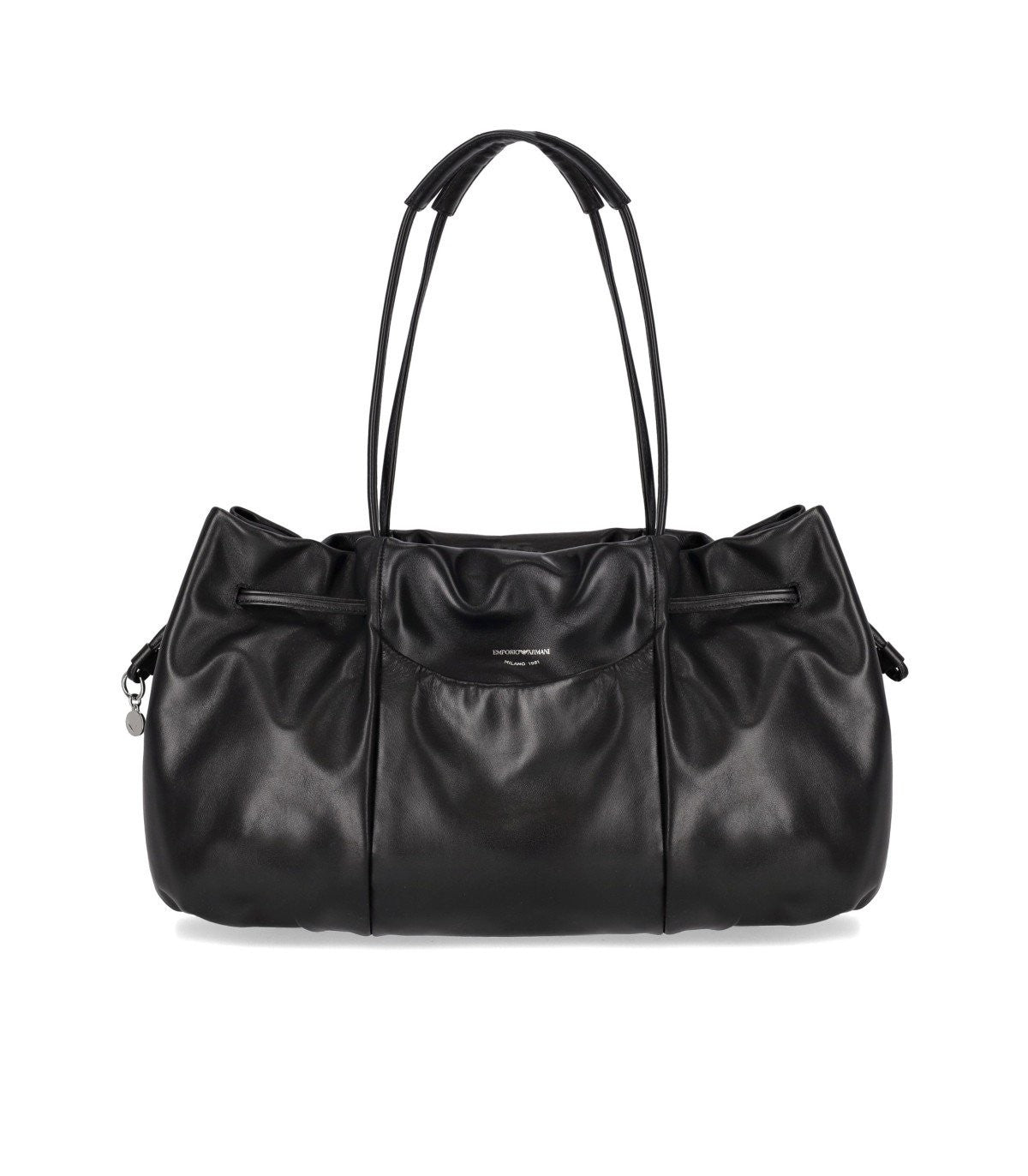 Borsa a tracolla Emporio Armani realizzata in pelle di nappa morbida con una tasca anteriore e logo a contrasto. Elegante e versatile, presenta una chiusura pratica con il fascino del logo e un interno foderato di cotone per una finitura di qualità. Misura 46x28x12 cm. Composizione: pelle di agnello al 100%. Rivestimento: cotone 100%.
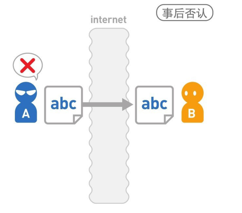 - 事后否认:B从A那里收到了消息,但作为消息发送者的A可能对B抱有恶意,并在事后声称“这不是我发送的消息”
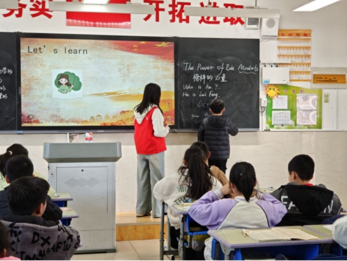 3月19日下午,實踐團隊成員赴盛橋鎮中心小學開展“榜樣力量”主題趣味英語公益課堂。課堂上,志愿者們用活潑有趣的方式,向同學們介紹雷鋒的生平事跡,講述雷鋒做好事的小故事,讓同學們深刻感受到雷鋒精神的內涵。互動環節中,志愿者引導同學們分享身邊的榜樣故事,有的同學講述了父母辛勤工作的點滴,有的分享了老師耐心教導的溫暖瞬間,現場氣氛十分活躍。
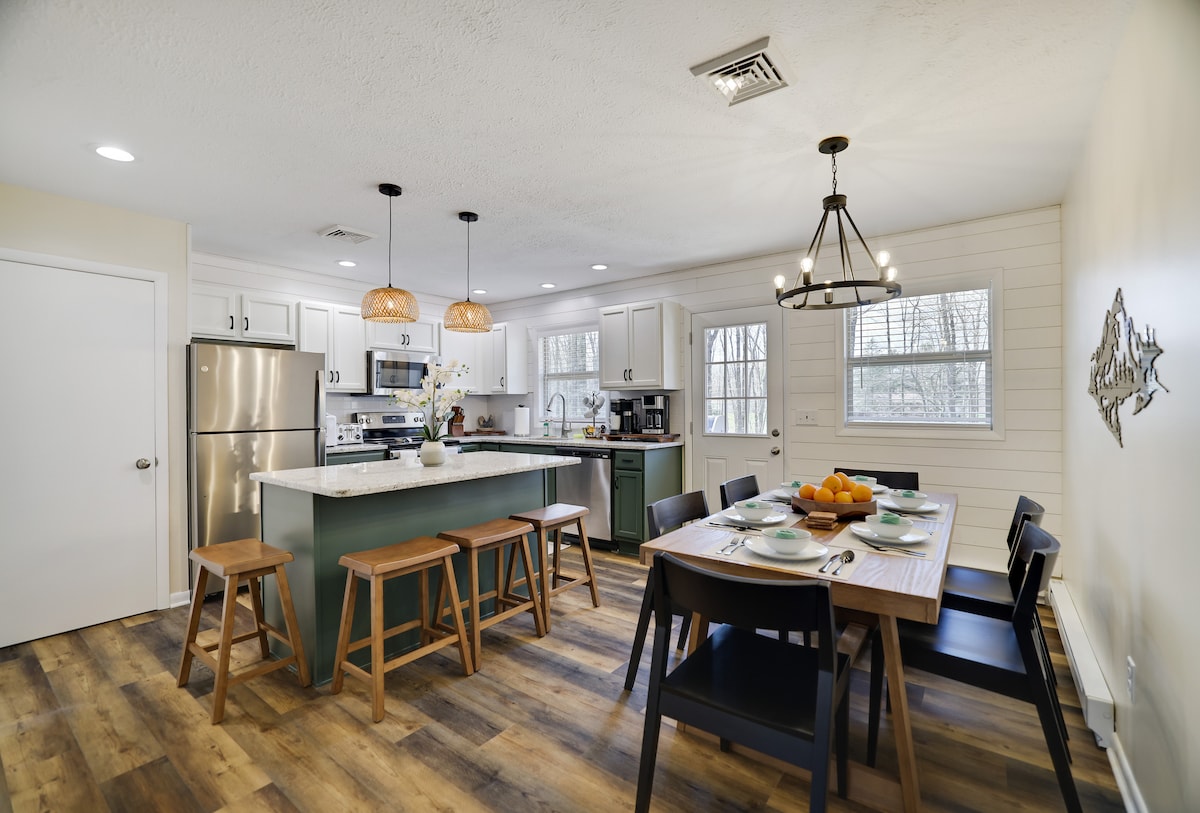 On cool Fall/Winter days delight in crispy fresh air of woods and visit our lake to fish /skate. Visit a close-by ski resorts and waterparks or stop by our indoor pool. Remember to take sleds to go down our community slope. Spend evening warming up at the fire-pit and improvising a homemade dinner and then reunite with the whole family or set for a romantic dinner on an oversized deck or in our cosy dining room.

Work to complete>
Print all of the material exactly. Omit pictures.

Result for this task>
 Borsa a tracolla Emporio Armani realizzata in pelle di nappa morbida con una tasca anteriore e logo a contrasto. Elegante e versatile, presenta una chiusura pratica con il fascino del logo e un interno foderato di cotone per una finitura di qualità. Misura 46x28x12 cm. Composizione: pelle di agnello al 100%. Rivestimento: cotone 100%.
 - 事后否认:B从A那里收到了消息,但作为消息发送者的A可能对B抱有恶意,并在事后声称“这不是我发送的消息”
 3月19日下午,實踐團隊成員赴盛橋鎮中心小學開展“榜樣力量”主題趣味英語公益課堂。課堂上,志愿者們用活潑有趣的方式,向同學們介紹雷鋒的生平事跡,講述雷鋒做好事的小故事,讓同學們深刻感受到雷鋒精神的內涵。互動環節中,志愿者引導同學們分享身邊的榜樣故事,有的同學講述了父母辛勤工作的點滴,有的分享了老師耐心教導的溫暖瞬間,現場氣氛十分活躍。
 On cool Fall/Winter days delight in crispy fresh air of woods and visit our lake to fish /skate. Visit a close-by ski resorts and waterparks or stop by our indoor pool. Remember to take sleds to go down our community slope. Spend evening warming up at the fire-pit and improvising a homemade dinner and then reunite with the whole family or set for a romantic dinner on an oversized deck or in our cosy dining room.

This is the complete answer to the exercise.